Вурди - Владимир Колосов
Шрифт:
Интервал:
Закладка:
— Для Зовушечки моей берег, — сказал старый бродяга, обращаясь и вовсе уж непонятно к кому. К Гвирнусу ли? К волку? К самому себе? Потом, увидев, что волк кое-как подцепил лепешку клыками, повернулся к охотнику: — Как съест, лучше отвернись. Не смотри. Ни к чему это.
— Хорошо, — пожал плечами нелюдим, который с опаской ожидал повторения приступа сумасшествия, — слишком уж непонятно вел себя этот человек. Гвирнус даже отошел еще на шаг, мучась странными сомнениями. Он вдруг вспомнил, как (удивленно? испуганно?) прищелкнул языком отшельник, когда охотник сказал, что колчан ему сшила жена. Как нахмурился, когда узнал про выменянные у Лая стрелы. Лесной бродяга явно хотел что-то сказать, и это что-то было очень неприятным и страшным, судя по тому, как резко заходили его желваки, как вмиг постарело его лицо…
— Коли в лесу повстречаешь, бросишь такую вот засушенную, кроличью, — Зовушечка моя враз и опомнится, — донеслось до Гвирнуса, — живого-то кролика по лесу с собой таскать не будешь. А уж у вурди как? И себя не помнит, в этаком-то обличье, а туда же. Видать, тянет. Любовь-то. Только без этого оберега кроличьего ни-ни. Не подпускай. Хоть и знаешь, что иной раз сытая как вроде, не тронет. Только ведь раз на раз-то не приходится. И потом на кой мне волчица-то? Мне баба нужна!
— А? — вдруг опомнился от своих мыслей Гвирнус.
— Сам, говорю, сушить придумал. Вишь, какой он. Секретик-то мой. Поначалу боялся, не выйдет ничего. Ну, что только свежая нужна. Кровь-то. А потом разок попробовал — ан вышло. Оно, конечно, и дольше, и больней. Ну да не моим костям трещать. Тихо как, — вдруг сказал отшельник, прислушиваясь. — Затаились, — пробормотал он, и Гвирнус понял, что отшельник говорит о волках. — Хитрые. Были б волки, давно бы кинулись. А эти… Пока кровью не запахло, коли у них супротив тебя ничего нет, так хоть полжизни кружить будут, всю душу вымотают, а потом ведь все равно, тьфу, доберутся. Коли ты, рот раззявив, глазеть будешь, — добавил отшельник с неожиданной злостью. — Я же сказал. Как съест, — бродяга ткнул пальцем в стреноженное тело, — не смотри.
— Выпала у него. Лепешка твоя, — проворчал нелюдим.

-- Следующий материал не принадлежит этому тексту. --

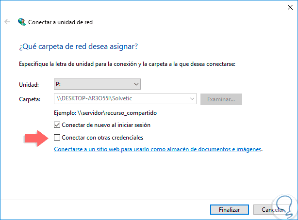 El siguiente paso que dar es asignar la carpeta seleccionada como una unidad en Windows 10.
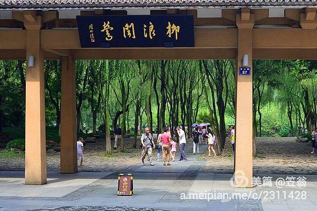 其中经过柳浪闻莺景区,人多、柳长、鸟鸣,也就是柳浪闻莺公园,在园中部主景区辟闻莺馆,又在距闻莺馆不远处置巨型网笼“百鸟天堂”,营造烟花三月、柳丝飘舞、莺声清丽的氛围。闻莺馆东面,以草坪和密林带为主形成友谊园景区,引种了一批樱花,草坪北侧铺石砌台,矗立着“日中不再战纪念碑”。
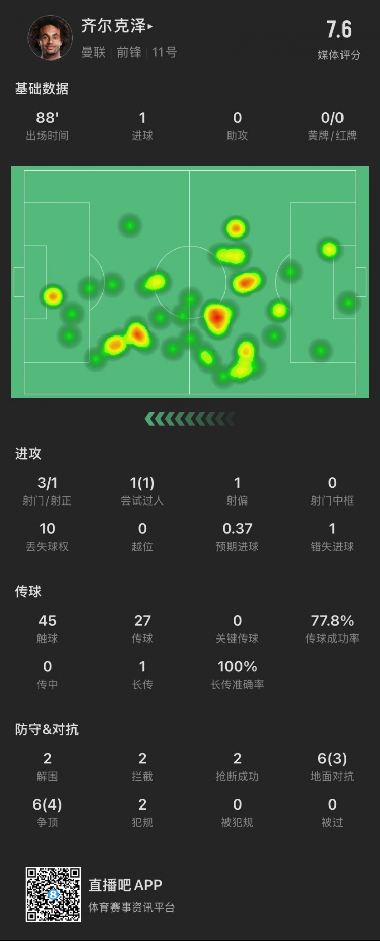 3月7日訊 歐聯(lián)杯1/8決賽首回合,曼聯(lián)客戰(zhàn)皇家社會的比賽正在進行。第88分鐘,齊爾克澤被換下場。此役,他打進一球,獲評7.6分。
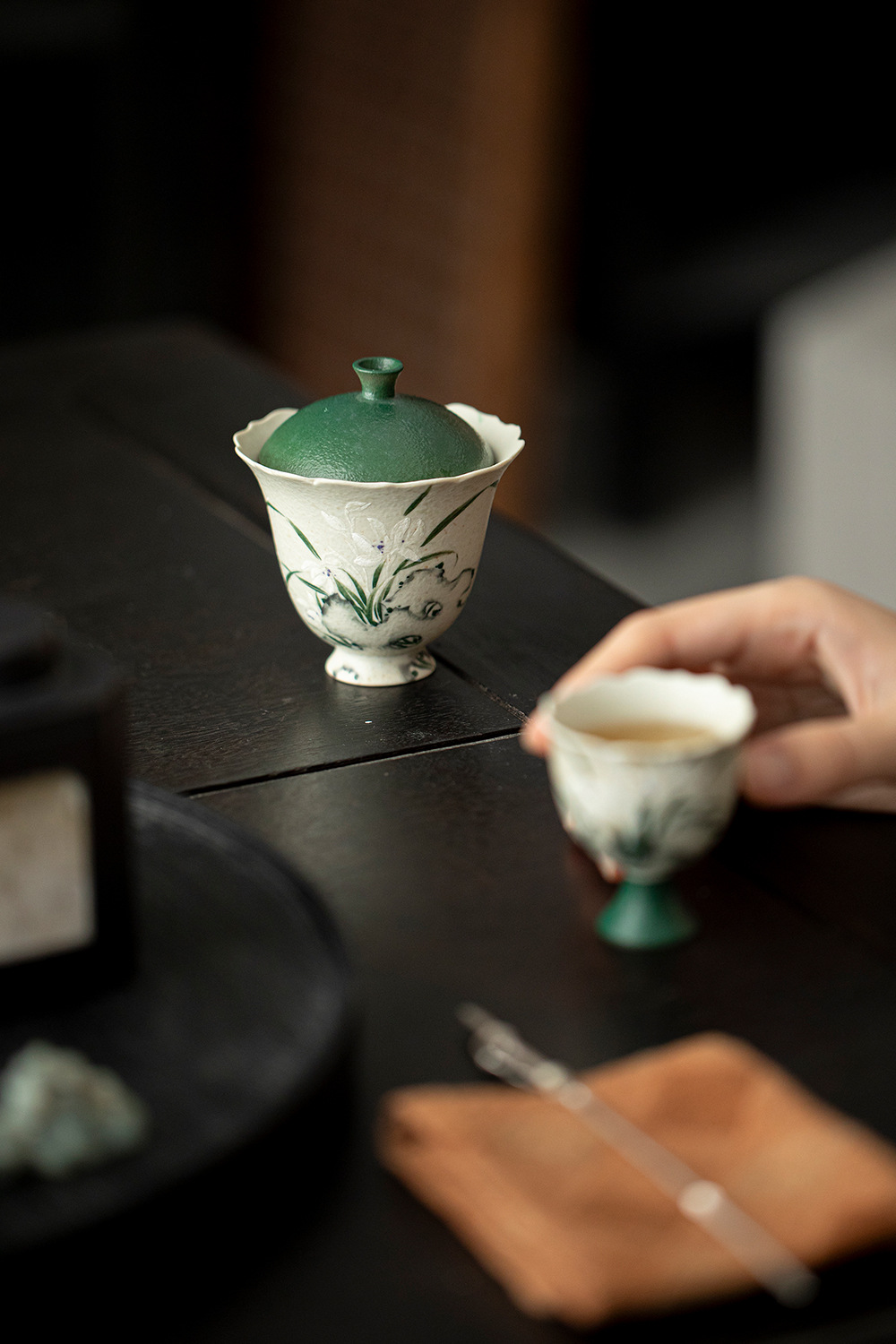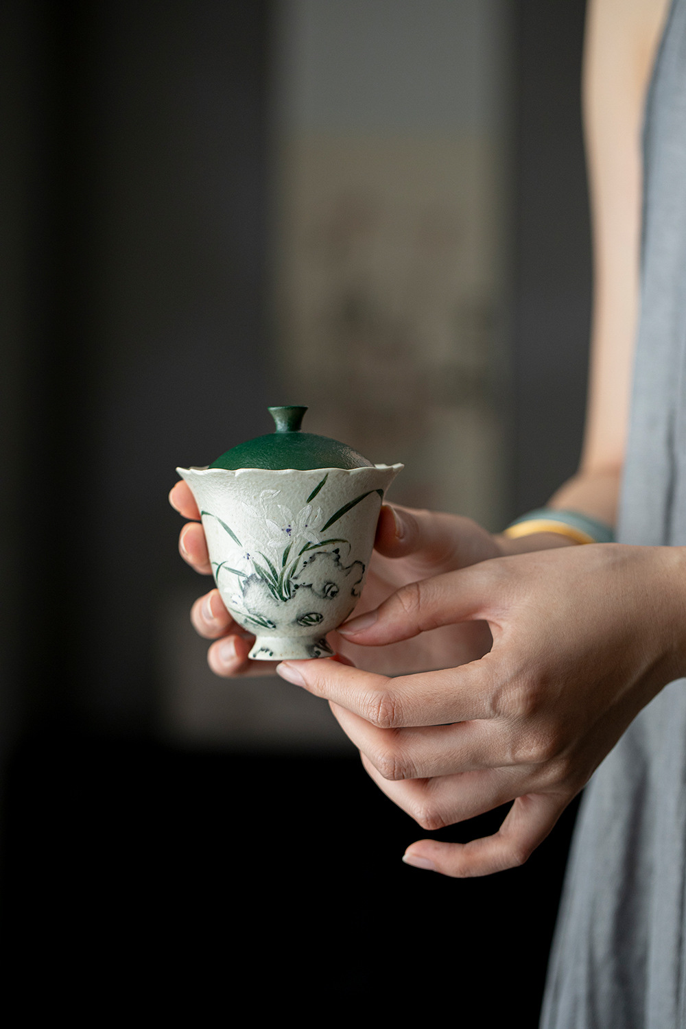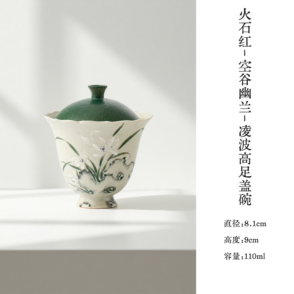 颜色 火石红-空谷幽兰-凌波高足盖碗
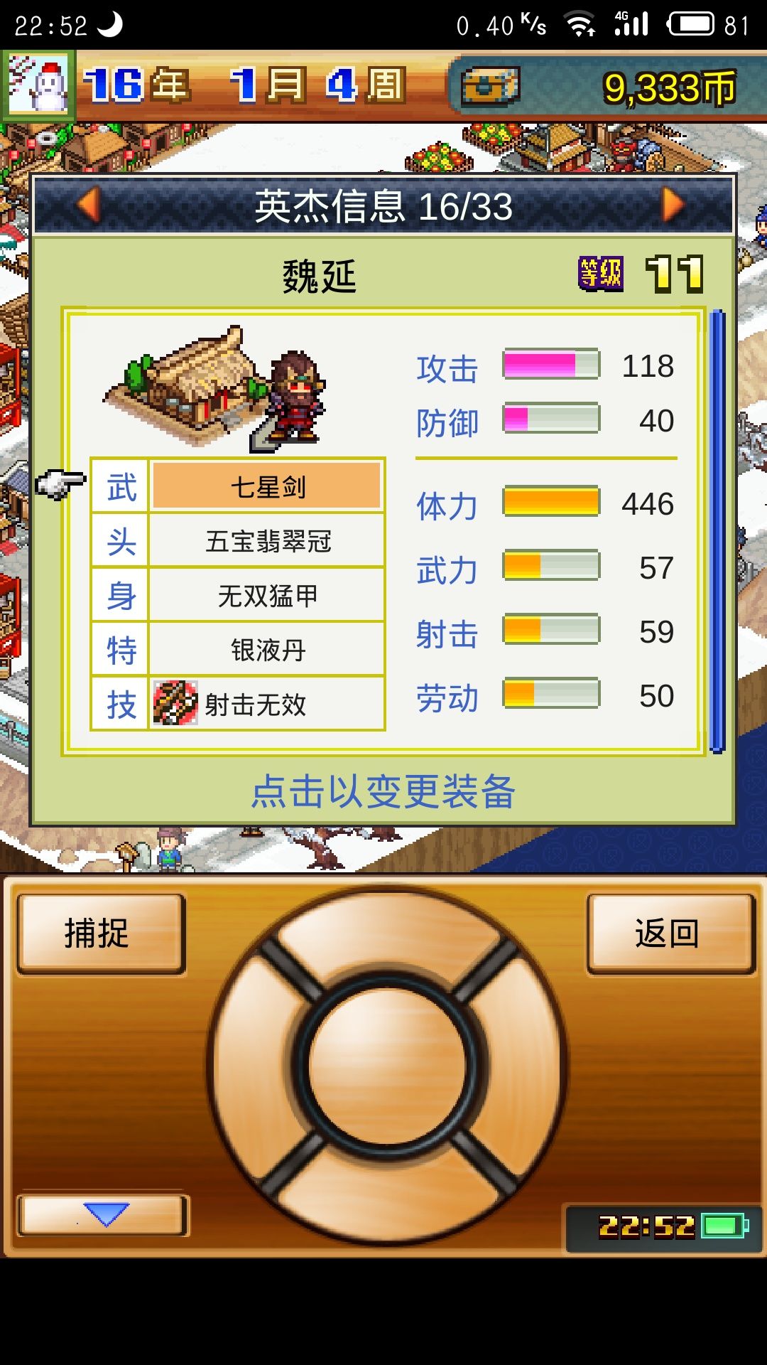 魏延,初始送的武将,一直可以用到卸甲归田。游戏里唯一一个射击无效技能,真的厉害,,后期配上神装基本不会死的。
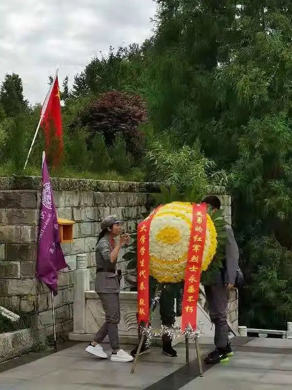 身着红军长征的军装,脚踏烈士陵园的石阶,耳畔传来铿锵有力的入党誓词,置身于扎西红军烈士陵园,一段段红色的历史,一个个鲜活而伟大的故事,都仿佛在我们眼前徐徐浮现。在导游的指引与安排下,实践队员们在党旗下重温入党誓词,庄严默哀3分钟,怀着一颗敬佩的心,为烈士们敬献花圈,在碑前聆听先辈们的故事,在战争旧址细数那一段段艰苦岁月。“人民英雄永垂不朽!”此时不仅仅是一句口号,更是一种崇高的敬仰。

— Тьфу! То-то, думаю, тихо. Сейчас в пасть кину — не жуя сглотнет. — Отшельник наклонился, поднял надкушенное угощение. Дразня, помахал лепешкой перед глазами волка. Тот с силой дернулся, глухо зарычал. — Чует ведь, — усмехнулся лесной бродяга, — хорошо, хоть запах слабый. А то бы уже давно вся стая сбежалась. На угощение. Тут бы они нас и… — Отшельник примолк, занятый тем, как бы поосторожней вложить лепешку в полураскрытую пасть. Волчьи глаза при этом внимательно следили за движениями его руки.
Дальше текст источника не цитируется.